Foreign exchange (losses) gains
For the three months ended March 31, 2025 and 2024, the fluctuations in foreign exchange (losses) and gains were primarily driven by the remeasurement of intercompany loans.
Other expense, net
For the three months ended March 31, 2025, other expense, net included $11.1 million of net losses associated with metals derivative contracts ($0.3 million of realized and $10.8 million of unrealized losses), $1.8 million of debt extinguishment costs related to the partial prepayment of our term loans B-3 and $1.2 million of charges due to highly inflationary accounting for our operations in Turkey. For the three months ended March 31, 2024, other expense, net included $3.4 million of net losses associated with metals derivative contracts ($2.8 million of realized and $0.6 million of unrealized losses) and $1.3 million of charges due to highly inflationary accounting for our operations in Turkey.

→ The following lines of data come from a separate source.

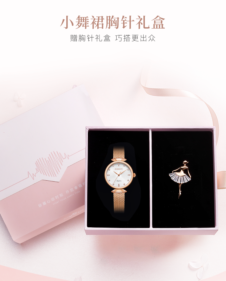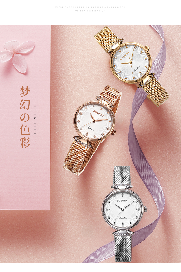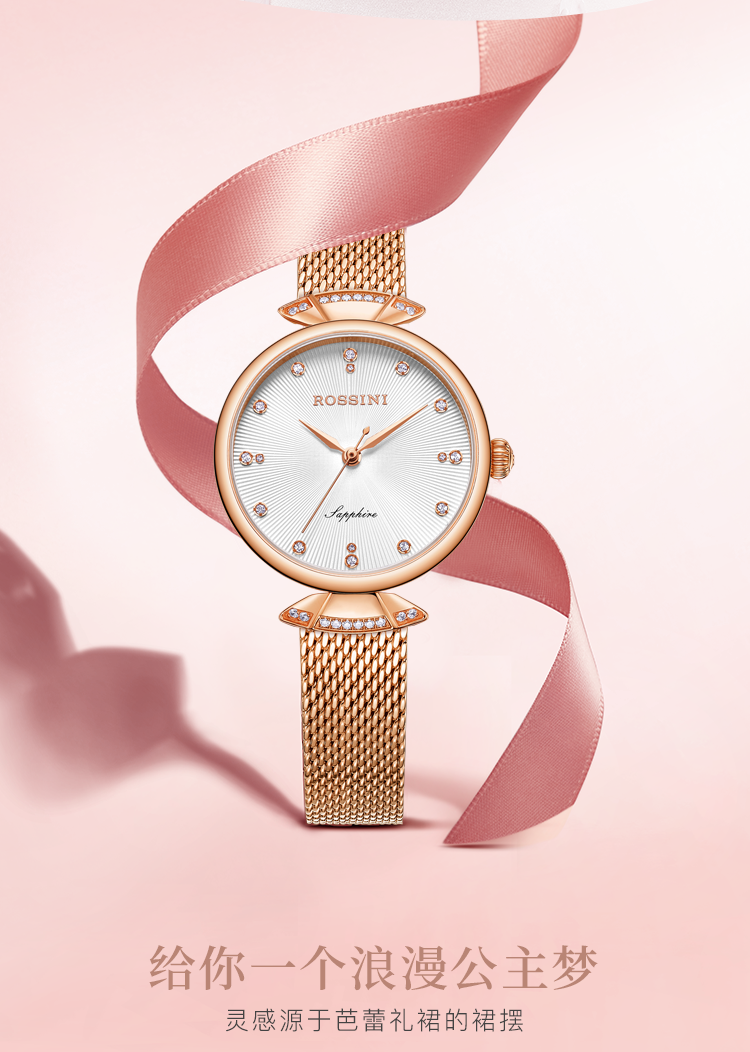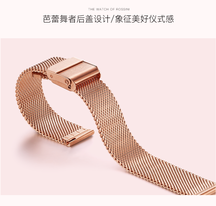 Rossini罗西尼 典美系列 石英手表时尚简约潮流小礼裙白盘玫瑰金编织带女表6842G01G(只) 金色
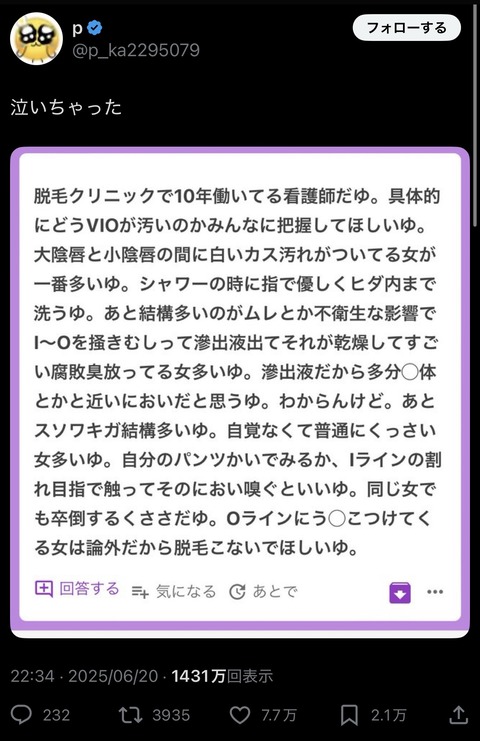 【悲報】脱毛クリニックさん、ブチ切れ「おい女。O脱毛すんのに、肛門に?付けてくんな」
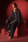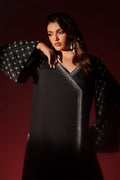 This black raw-silk outfit features a modern angrakha-inspired cutline that blends clean structure with traditional charm. The angrakha panel and sleeves are fully embellished with intricate adda embroidery, adding rich texture and a couture finish. With fused detailing for a crisp shape and sleek straight trousers, the ensemble delivers bold, contemporary sophistication-ideal for fashion-forward occasions. 2Pc
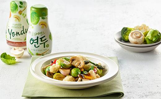 100% 순 식물성 콩 발효 에센스 연두는 콩 발효 액에 표고버섯, 마늘, 양배추 등 8가지 야채 우린 물로 만들어, 다른 양념이나 부 재료 없이 연두 하나 만으로 맛있는 요리를 완성할 수 있다고 한다.
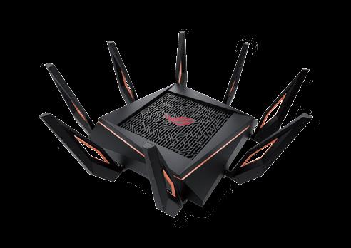 ROG Rapture GT6 is the first ROG mesh WiFi system especially optimized for gamers. This tri-band WiFi 6 setup uses a sophisticated blend of cutting-edge components and software to deliver blazing-fast download speeds, low-latency gaming, dead zone elimination and robust security. Specifically, Rapture GT6 delivers up to 10,000 Mbps of bandwidth, courtesy of two 5 GHz bands running at up to 4804 Mbps each, and one 2.4 GHz band running at up to 574 Mbps. This massive bandwidth can cover up to 5,800 square feet, empowered by the smart antenna and ASUS Rangeboost Plus technology. The smart antenna can detect optimal signal-arrival directions for backhaul connections to mesh connectivity and eliminate WiFi dead zones. And for those who desire true multi-gigabit wired connections, there is also a 2.5 Gb WAN port and LAN aggregation. Meanwhile, the ROG touch includes triple-level game acceleration to prevent jitter, reduce lag, lower pings and increase speeds, empowering memorable gaming experiences. As with ZenWiFi XT9 above, Rapture GT6 also benefits from free ASUS AiProtection Pro and ASUS Instant Guard security.
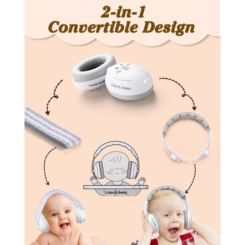 - 2-in-1 Design: Lilian&Gema baby headphones for noise boast a versatile 2-in-1 design, suitable for infants aged 3 to 48 months. Featuring a three-position adjustable anti-slip elastic headbands and traditional headphones, both are ultra-lightweight and adjustable, support sleeping and activity according to the baby's needs and preferences, Whether outdoor and indoor
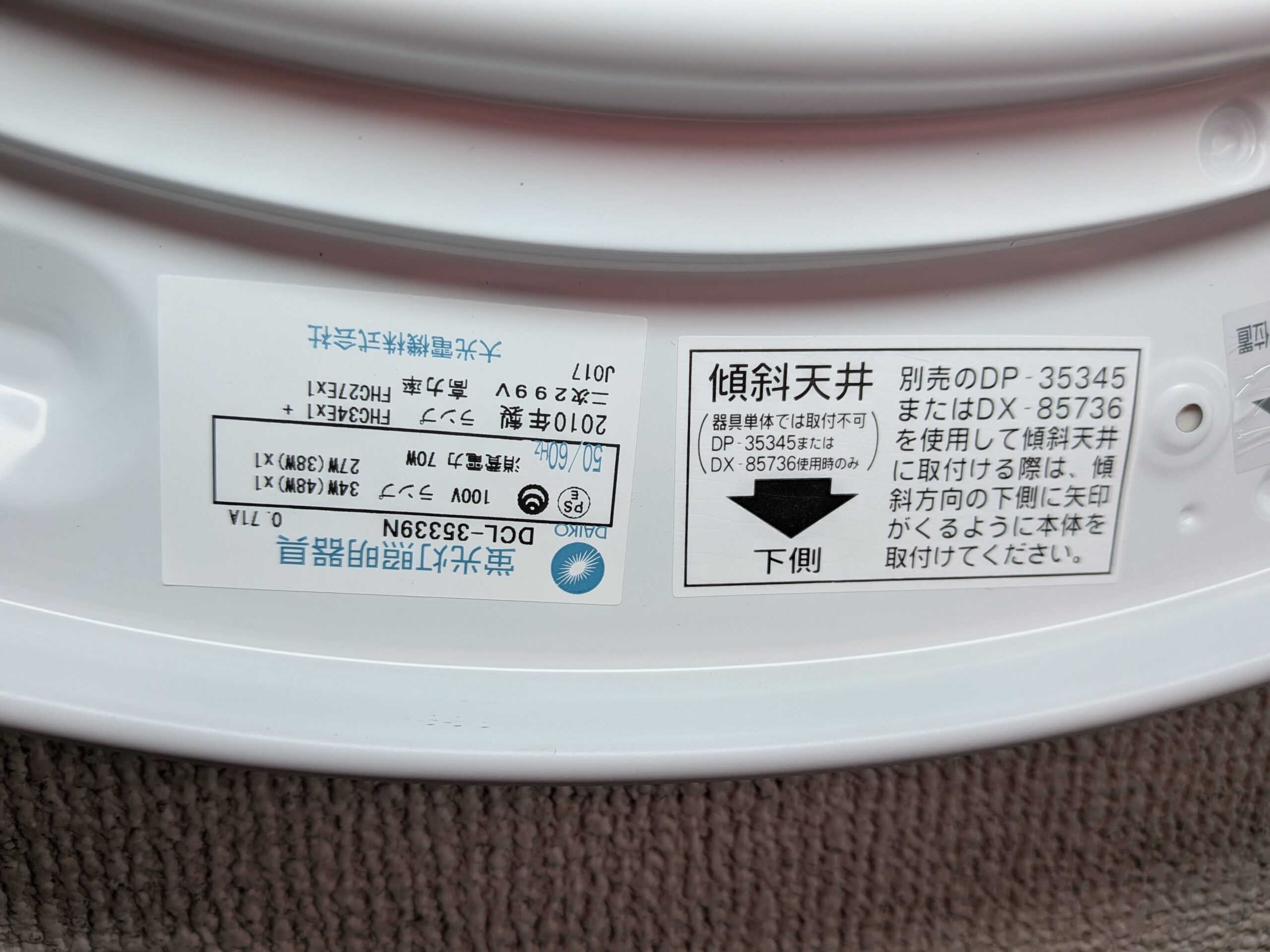 まず部屋のシーリングライト大光電機のDCL-35339Nは傾斜天井についています。

The metal derivative contracts primarily relate to inventory associated with pass-through metals pricing in our Assembly Solutions business and are intended to mitigate the impact associated with fixed price agreements with our customers or commodity price movement after inventory is purchased on "Gross profit." See Note 7, Financial Instruments, to the unaudited Condensed Consolidated Financial Statements for further discussion of these derivative instruments.

MGS Transaction gain
In the first quarter of 2025, the Company completed the sale of its flexographic printing plate business, MacDermid Graphics Solutions, resulting in a gain of $72.1 million.
Income Tax
Income tax expense for the three months ended March 31, 2025 totaled $17.8 million, as compared to $13.5 million for the three months ended March 31, 2024. Income tax expense for the three months ended March 31, 2025, included a continued U.S. benefit related to claiming foreign tax credits and a benefit from a U.S. tax deduction related to FDII, partially offset by a $7.7 million multi-year tax settlement and the impact of changes to the level and mix of earnings.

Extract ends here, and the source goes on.